Supplied information:
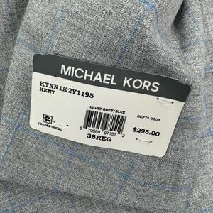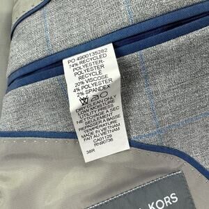 Michael Kors Mens Classic Fit Windowpane Stretch Sport Coat Gray 38R *New with tags, never worn* Chest: 21" Length: 31" Chest measurements are taken from armpit to armpit Length measurements are taken from top of shoulder by collar to bottom hem 74% Recycled Polyester 20% Viscose 4% Polyester 2% Spandex SKU: EU62
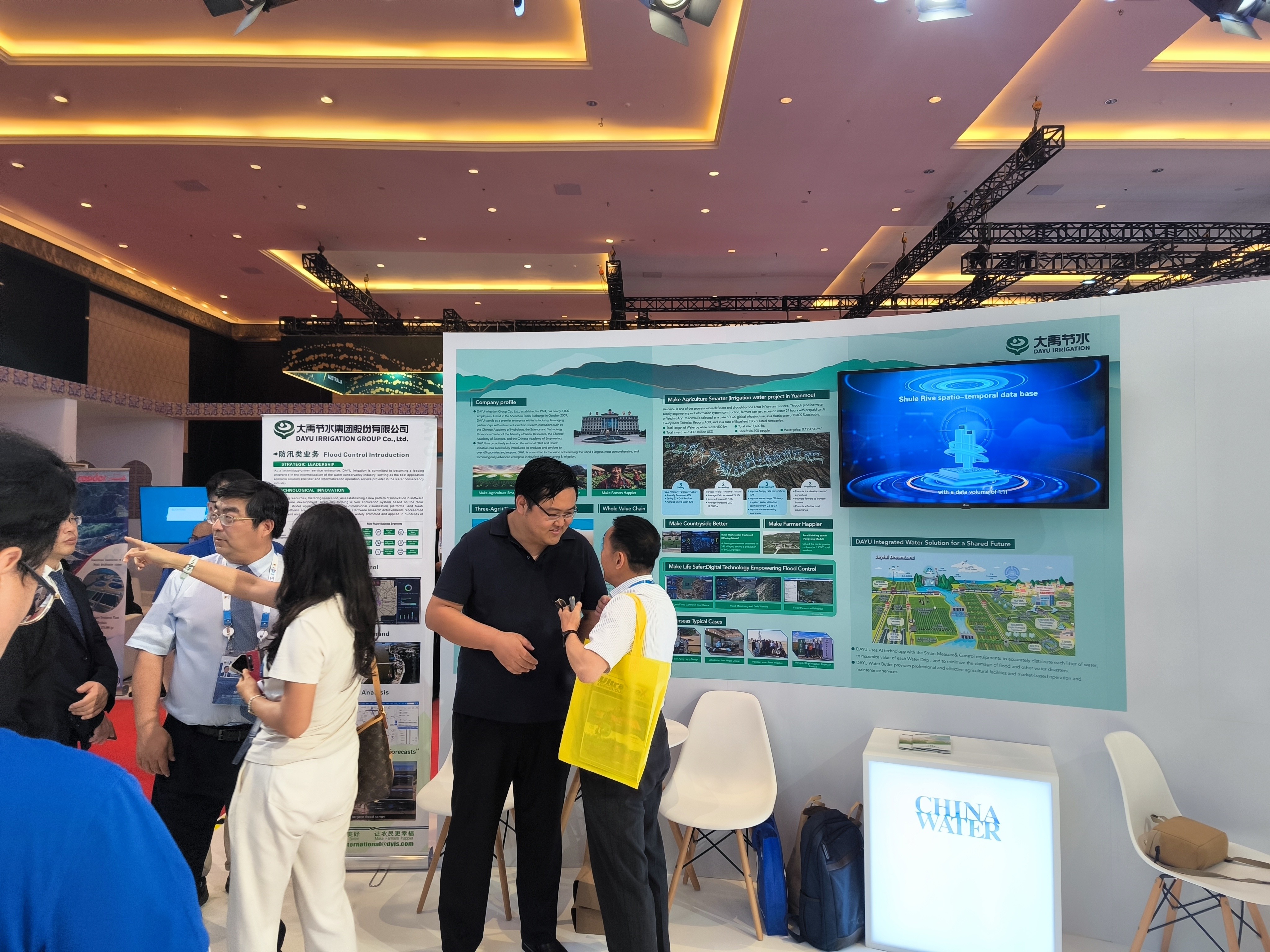 論壇同期舉行了世界水展,中國館位于國家館主館區(qū),集中展現(xiàn)了中國水利工程、技術(shù)等方面的卓越成就。大禹節(jié)水作為行業(yè)龍頭企業(yè),展區(qū)內(nèi)人潮涌動,熱鬧非凡,大禹節(jié)水一體化解決方案成為參觀者駐足的焦點。期間,水利部部長李國英蒞臨大禹節(jié)水展位參觀,聽取集團董事長王浩宇對公司業(yè)務(wù)及項目等情況的匯報。
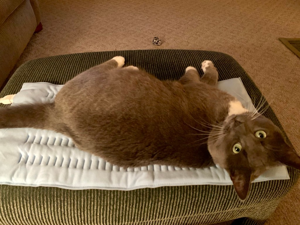 Yes, he’s commandeered my heating pad, and yes… if we don’t turn it on when he pounces on it we get the look.

Task description: Transcribe all of the listing precisely. The images stay out of it.

Answer space:
 Michael Kors Mens Classic Fit Windowpane Stretch Sport Coat Gray 38R *New with tags, never worn* Chest: 21" Length: 31" Chest measurements are taken from armpit to armpit Length measurements are taken from top of shoulder by collar to bottom hem 74% Recycled Polyester 20% Viscose 4% Polyester 2% Spandex SKU: EU62
 論壇同期舉行了世界水展,中國館位于國家館主館區(qū),集中展現(xiàn)了中國水利工程、技術(shù)等方面的卓越成就。大禹節(jié)水作為行業(yè)龍頭企業(yè),展區(qū)內(nèi)人潮涌動,熱鬧非凡,大禹節(jié)水一體化解決方案成為參觀者駐足的焦點。期間,水利部部長李國英蒞臨大禹節(jié)水展位參觀,聽取集團董事長王浩宇對公司業(yè)務(wù)及項目等情況的匯報。
 Yes, he’s commandeered my heating pad, and yes… if we don’t turn it on when he pounces on it we get the look.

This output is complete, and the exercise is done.